§ **Problem description**: Write out every entry precisely as given, leaving the pictures out.

[Records from a collection]
-----

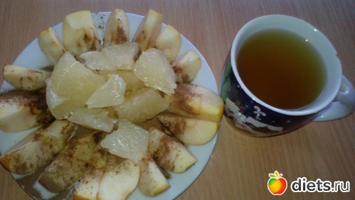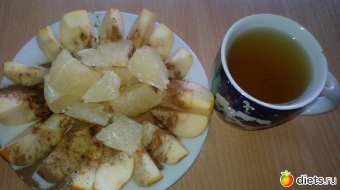 Завтрак: помело, яблоко с корицей, зеленый чай б/сахара
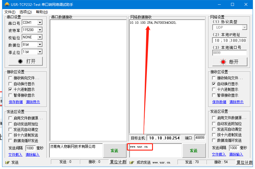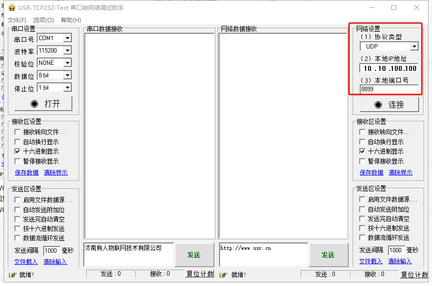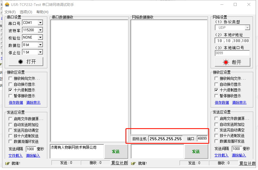 1.安裝并打開(kāi)USR-TCP232-TEST測(cè)試工具,設(shè)置右側(cè)網(wǎng)絡(luò)端協(xié)議為UDP,本機(jī)IP設(shè)置為電腦鏈接W610wifi獲取的IP地址
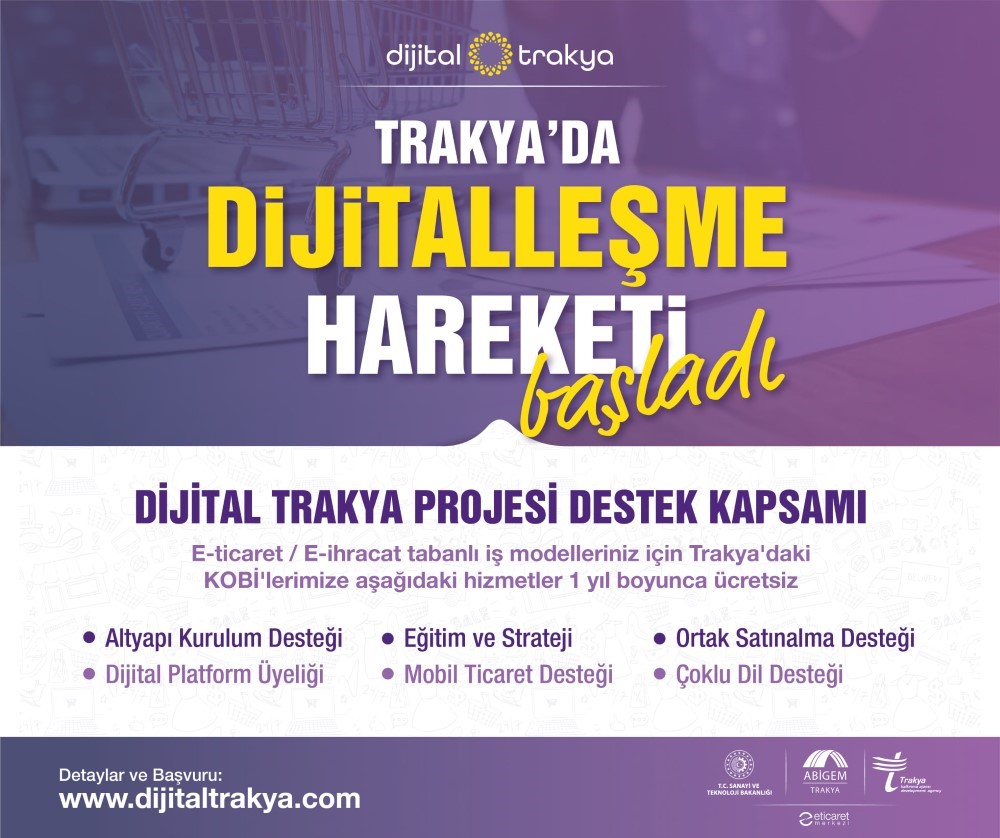 Koronavirüs salgını nedeniyle ekonomik sıkıntılar yaşayan işletmelere can suyu olacak olan “Dijital Trakya Projesi’nin temelleri atıldı. Trakya’daki oda ve borsaların paydaşlığı ile birlikte e-ticaret atılımı yapılacak ve üyeler bu girişimle Dünya’ya açılacak. “Dijital Trakya ile Kepenkleri Açma Vakti” sloganı ile Sanayi ve Teknoloji Bakanlığı, Trakya Kalkınma Ajansı ve Trakya Avrupa Birliği İş Geliştirme Merkezi ile paydaş olan Trakya’daki 26 oda ve borsaların desteğiyle kobilere nefes aldıracak olan e-ticaretin hamlesi yapıldı.Proje ile dijitalleşen işletmeler sınırlarını aşarak dünyanın dört bir yanına satış yapabilmelerine olanak sağlanacak. E-ticaret ve e-ihracat alt yapısı ve dijital platform üyeliği ile satışlar online ortamda yapılacak. E-ticaret/ e-ihracat tabanlı iş modelleri için Trakya’daki KOBİ’lere hizmetler 1 yıl boyunca ücretsiz sağlanacak.
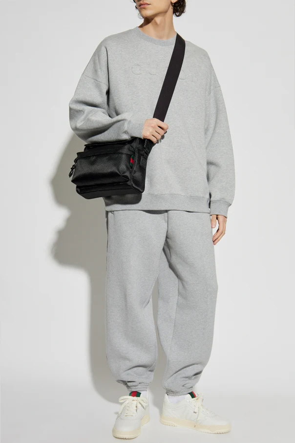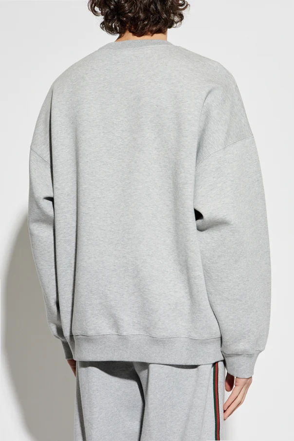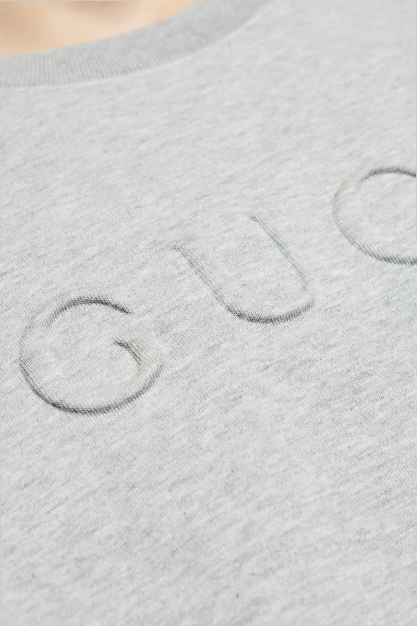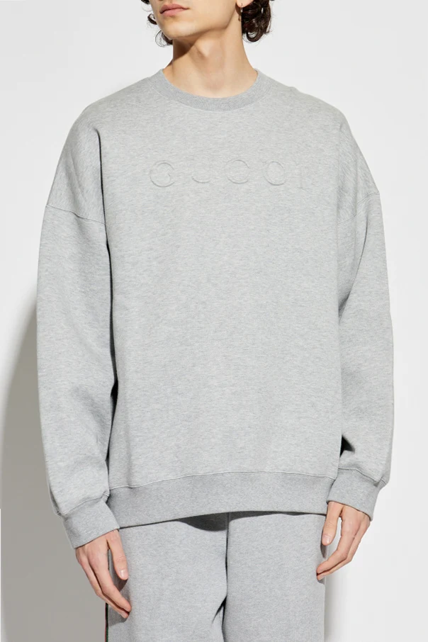 Wir präsentieren Ihnen das Sweatshirt mit Logo – ein herausragendes Werk der Marke Gucci, das die Quintessenz luxuriöser Eleganz darstellt. Dieses graue Sweatshirt, aus einer weichen Mischung aus Baumwolle und Polyamid gefertigt, bietet einen unvergleichlichen Tragekomfort. Sein einfacher Schnitt mit langen Ärmeln und Rundhalsausschnitt, ergänzt durch eine subtile Prägung des Designerlogos, verleiht ihm einen unverwechselbaren Charakter.
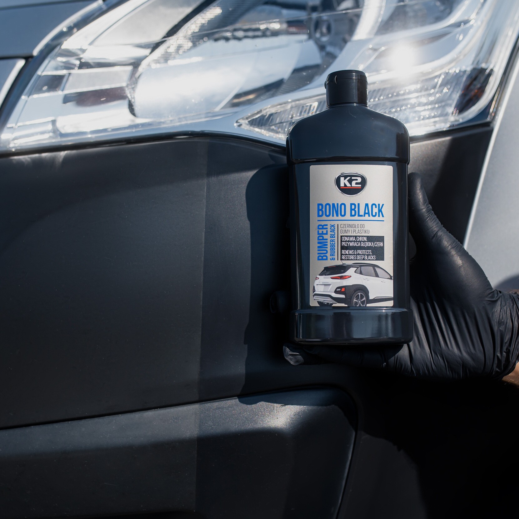 K2 BONO BLACK silnie przywiera do tworzyw i przywraca naturalny kolor dodatkowo podkreślając fakturę.

-----

§ **Response to this task**:
 Завтрак: помело, яблоко с корицей, зеленый чай б/сахара
 1.安裝并打開(kāi)USR-TCP232-TEST測(cè)試工具,設(shè)置右側(cè)網(wǎng)絡(luò)端協(xié)議為UDP,本機(jī)IP設(shè)置為電腦鏈接W610wifi獲取的IP地址
 Koronavirüs salgını nedeniyle ekonomik sıkıntılar yaşayan işletmelere can suyu olacak olan “Dijital Trakya Projesi’nin temelleri atıldı. Trakya’daki oda ve borsaların paydaşlığı ile birlikte e-ticaret atılımı yapılacak ve üyeler bu girişimle Dünya’ya açılacak. “Dijital Trakya ile Kepenkleri Açma Vakti” sloganı ile Sanayi ve Teknoloji Bakanlığı, Trakya Kalkınma Ajansı ve Trakya Avrupa Birliği İş Geliştirme Merkezi ile paydaş olan Trakya’daki 26 oda ve borsaların desteğiyle kobilere nefes aldıracak olan e-ticaretin hamlesi yapıldı.Proje ile dijitalleşen işletmeler sınırlarını aşarak dünyanın dört bir yanına satış yapabilmelerine olanak sağlanacak. E-ticaret ve e-ihracat alt yapısı ve dijital platform üyeliği ile satışlar online ortamda yapılacak. E-ticaret/ e-ihracat tabanlı iş modelleri için Trakya’daki KOBİ’lere hizmetler 1 yıl boyunca ücretsiz sağlanacak.
 Wir präsentieren Ihnen das Sweatshirt mit Logo – ein herausragendes Werk der Marke Gucci, das die Quintessenz luxuriöser Eleganz darstellt. Dieses graue Sweatshirt, aus einer weichen Mischung aus Baumwolle und Polyamid gefertigt, bietet einen unvergleichlichen Tragekomfort. Sein einfacher Schnitt mit langen Ärmeln und Rundhalsausschnitt, ergänzt durch eine subtile Prägung des Designerlogos, verleiht ihm einen unverwechselbaren Charakter.
 K2 BONO BLACK silnie przywiera do tworzyw i przywraca naturalny kolor dodatkowo podkreślając fakturę.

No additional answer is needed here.